“I was forced to play the violin; not at gunpoint or anything. We had a family orchestra and we needed violins. We were eight kids and we all played – flute, cello, clarinet, piano and violin. It was like the Von Trapp family. We wore matching outfits: red turtleneck sweaters and navy pants for the boys, navy skirts for the girls. I grew up in Chicago and didn’t appreciate it like I do now. It’s a generous place and the people are genuinely friendly. But I like New Yorkers; people are very awake here.
My mother was a terrible cook – and by terrible I mean monotonous. Sometimes we had liver, which we would scrape off the table onto our laps and down into our shoes, and then we’d squish out to the woods to get rid of it. Have you ever had liver in your shoes? It’s not a good feeling.
I played the violin until I was 16 and then stopped for a decade. When I was 26 I was really lost and I decided to stay in bed until I could think of a good reason to get up. And so I stayed there for a year. It was near here, between Avenues B and C. I wasn’t depressed; I just decided I didn’t know what I was going to do so I was going to wait until I did. I made the same food every day for that year: a pie. I would go out after I’d taught night class and buy the same things: cornmeal, black beans, broccoli and cheese. At the end of that year I had a lightbulb moment: I wanted to make singing sculptures.
I moved to New York in 1966. When I began as an artist in the 1970s it was still idealistic. I was part of a group. I did a lot of street stuff, a lot of operas and I did sculpture. I was in Soho; it was messed up. We kept our lights off at night because we lived there illegally.
I met my husband [Lou Reed] at a music festival based on Kristallnacht that John Zorn [composer] did in Munich. It was wonderful to meet someone who was never boring. We loved the Russ & Daughters shop [around the corner on Houston Street] and Lou would have loved it here at the café but it opened a year after he died. Have you had the horseradish cream cheese? They take something really sharp and put it into something humble.
I’ve done too many things in prisons recently to think about a last meal. But I can talk about my best meal. Who would be there? Lou, his cousin “Red Shirley”, John Zorn; people who would enjoy this food. Socrates might have been good to have there. I’m interested in the Socratic method and would ask him if he imagined Plato inventing that concept after him.
I’m guest director at Brighton Festival  and I’m going to do another concert for dogs.
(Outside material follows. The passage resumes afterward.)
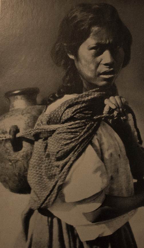 Aparte de las más de veinte fotografías incluidas en su libro, la mayoría de su autoría, las ilustraciones, dibujos sencillos pero dinámicos, quizá hechos a lápiz, que acompañan cada capítulo con una imagen acorde al tema tratado, parecen ser originales de West, aunque no se indica la autoría en el libro. Resulta curioso que, además de la portadilla con la foto de la autora, las únicas otras representaciones visuales femeninas son el dibujo que inicia el capítulo sobre las soldaderas, que consiste en el rostro oscuro y serio de una indígena, y la foto, con crédito a la agencia Mantel-México, de una indígena con rostro adusto y ceño fruncido que carga un jarro de agua en la espalda (véase Figura 9); su mirada casi agresiva parece rechazar la toma de foto, su gestualidad corporal expresa el esfuerzo físico de la carga, y su rebozo y ropa sencilla contrastan con la elegante figura de la autora en la portadilla. El contraste entre estas dos representaciones femeninas parece abismal.

I swore I’d never do it again but they’re so fun. The first time I did it was in Sydney. It was an invocation to whales because they hear in the same frequency range. I couldn’t believe it: there were all these Aussie dogs that wanted to rock.
Speaking of dogs, Heart of a Dog [Anderson’s 2015 film] is about stories, not dogs. Habeas Corpus [a New York installation last year], with ex-Guantanamo detainee Mohamed el Gharani, is the work of which I’m most proud. It was political in a way that was weird and gave people room to make up their own minds. I’m not that ambitious; I’m not someone who wants to open the Munich office. I just don’t care. I’ve asked myself if that’s just a bullshit thing that I say as I’ve said it many times. I love working and I love making stuff – I’m doing some things now that I have no idea about!”
Smoked whitefish chowder
Serves 4 to 6
1 tbsp extra virgin olive oil
1 tbsp unsalted butter
2 leeks, diced
1 carrot, diced
2 small stalks celery, diced
1 clove garlic, chopped
1 large russet potato, peeled and cut into cubes
2 tsps fresh thyme, finely chopped
60ml dry white wine
475ml vegetable stock
1 bay leaf
475ml whole milk
225g smoked whitefish meat, cut into small pieces
180ml full cream
Handful dill, chopped
Few espelette pepper flakes
Heat olive oil and butter in large stockpot over medium heat. Add leeks, carrot and celery and cook for 5 minutes, until soft.
Add garlic, potatoes, thyme and cook for 2 minutes.
Sprinkle flour over vegetables and stir to create a dry roux.
Stir the wine, stock and bay leaf. Bring to a simmer for 30 minutes. Stir in milk and whitefish and return mixture to a gentle simmer.
Discard bay leaf. Stir in cream and season with salt and pepper. Garnish with dill and espelette pepper. Serve.